◆ WHAT IS NEEDED ◆
Omitting the images, transcribe the records below exactly as they stand.
BEGIN
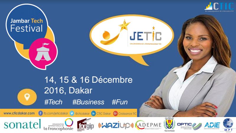 Du 14 au 16 décembre 2016, CTIC Dakar en collaboration avec le Ministère des Postes et des Télécommunications, SONATEL, le FONGIP, la Francophonie, le programme WAZIUP et des partenaires tels que la Mairie de Dakar, OPTIC et l’ADIE, organisera la 1ere édition du Jambar Tech Festival.
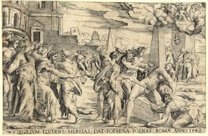 Enea Vico, Virgilium eludens meritas dat foemina penas (La vendetta di Virgilio). Romae, 1542.
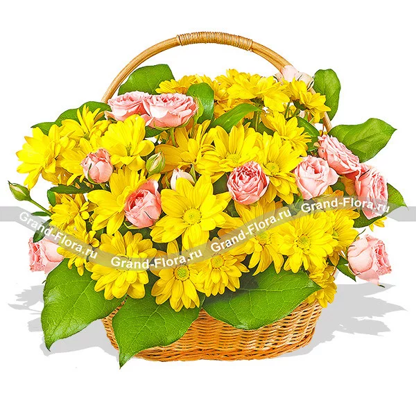 Стандартный (на фото): хризантема кустовая ромашковая - 9 шт., роза кустовая розовая - 3 шт., салал, оазис, корзина.
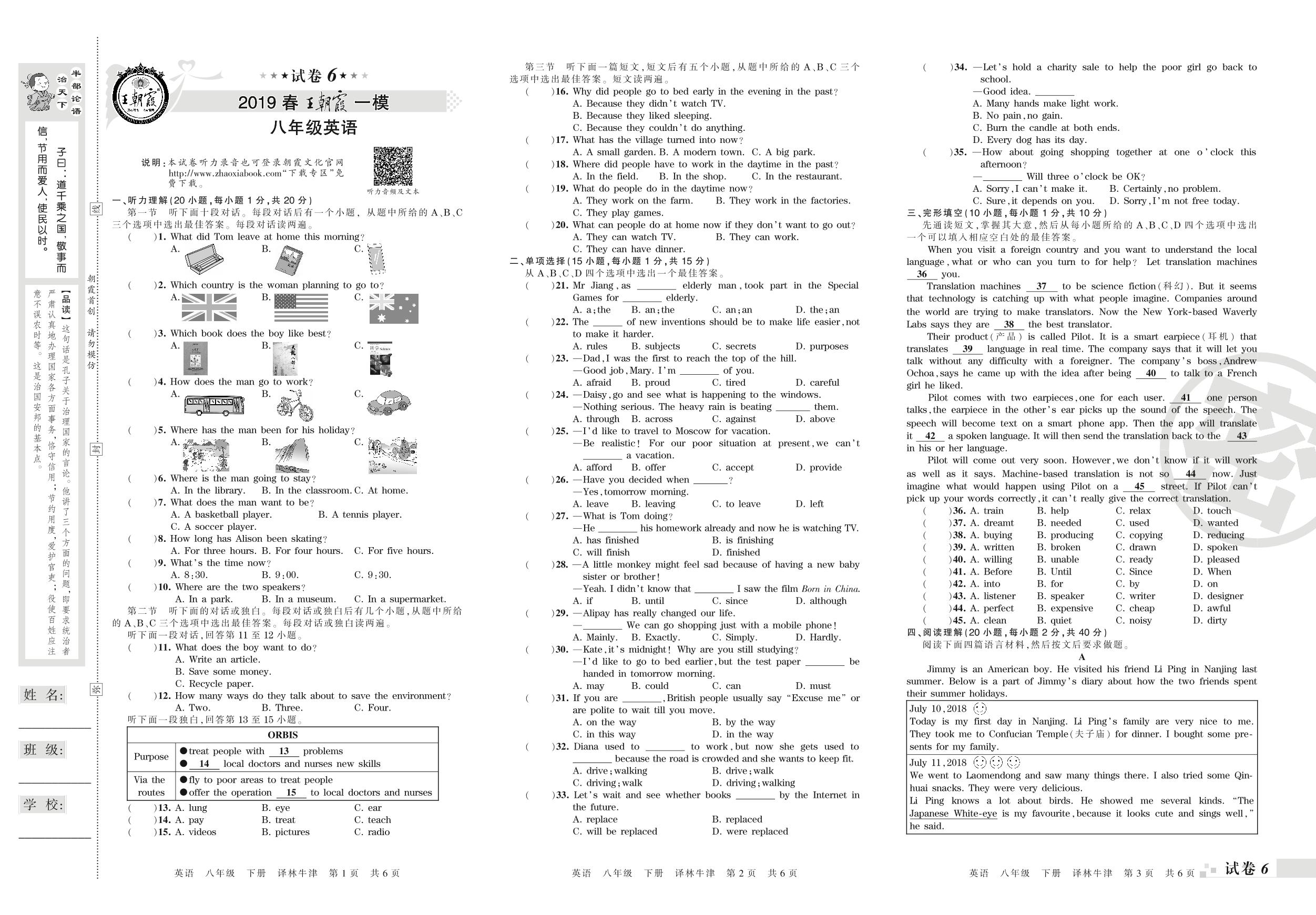 王朝霞期末模拟卷八年级下册英语(译林版)_R210809112733【6】
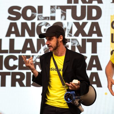 • Fotografia d'Aida Boix parlant amb micro al Rusc 2025
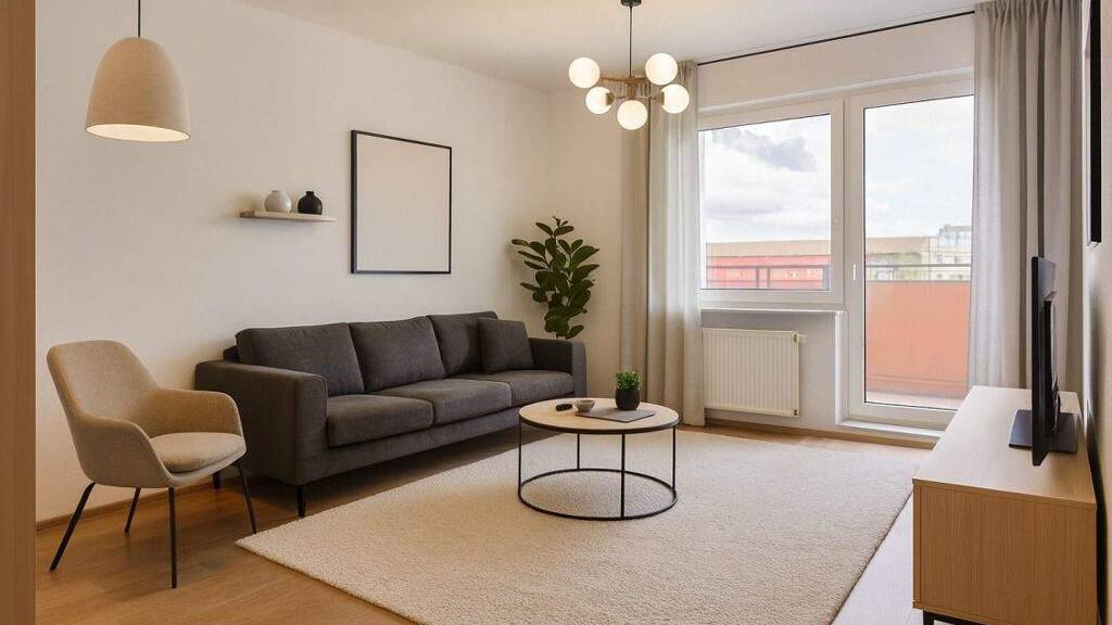 Der gut geschnittene Grundriss ermöglicht eine praktische Raumaufteilung: Vom Flur aus sind alle Zimmer direkt erreichbar. Das helle Wohnzimmer bietet ausreichend Platz für einen gemütlichen Wohn- und Essbereich. Das Schlafzimmer lässt sich individuell einrichten und bietet genügend Raum für Schrank und Bett. Das Badezimmer ist zweckmäßig ausgestattet, die Küche ist vom Wohnzimmer aus zugänglich und funktional gestaltet.
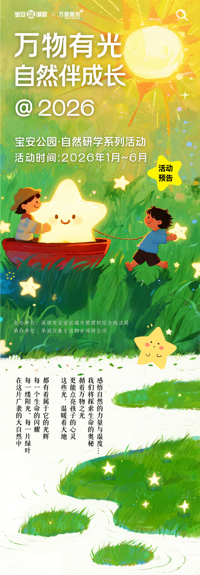深圳新闻网2026年1月7日讯(记者 李小辉)近日,由宝安区城市管理和综合执法局主办的宝安公园“万物有光·自然伴成长”自然研学季正式启幕。该活动将课堂搬到户外,在生机盎然的自然乐园里,通过游戏、探索、观察和记录,激发孩子对自然的好奇心和探索欲!
END
◆ EXPECTED ANSWER ◆
 Du 14 au 16 décembre 2016, CTIC Dakar en collaboration avec le Ministère des Postes et des Télécommunications, SONATEL, le FONGIP, la Francophonie, le programme WAZIUP et des partenaires tels que la Mairie de Dakar, OPTIC et l’ADIE, organisera la 1ere édition du Jambar Tech Festival.
 Enea Vico, Virgilium eludens meritas dat foemina penas (La vendetta di Virgilio). Romae, 1542.
 Стандартный (на фото): хризантема кустовая ромашковая - 9 шт., роза кустовая розовая - 3 шт., салал, оазис, корзина.
 王朝霞期末模拟卷八年级下册英语(译林版)_R210809112733【6】
 • Fotografia d'Aida Boix parlant amb micro al Rusc 2025
 Der gut geschnittene Grundriss ermöglicht eine praktische Raumaufteilung: Vom Flur aus sind alle Zimmer direkt erreichbar. Das helle Wohnzimmer bietet ausreichend Platz für einen gemütlichen Wohn- und Essbereich. Das Schlafzimmer lässt sich individuell einrichten und bietet genügend Raum für Schrank und Bett. Das Badezimmer ist zweckmäßig ausgestattet, die Küche ist vom Wohnzimmer aus zugänglich und funktional gestaltet.
深圳新闻网2026年1月7日讯(记者 李小辉)近日,由宝安区城市管理和综合执法局主办的宝安公园“万物有光·自然伴成长”自然研学季正式启幕。该活动将课堂搬到户外,在生机盎然的自然乐园里,通过游戏、探索、观察和记录,激发孩子对自然的好奇心和探索欲!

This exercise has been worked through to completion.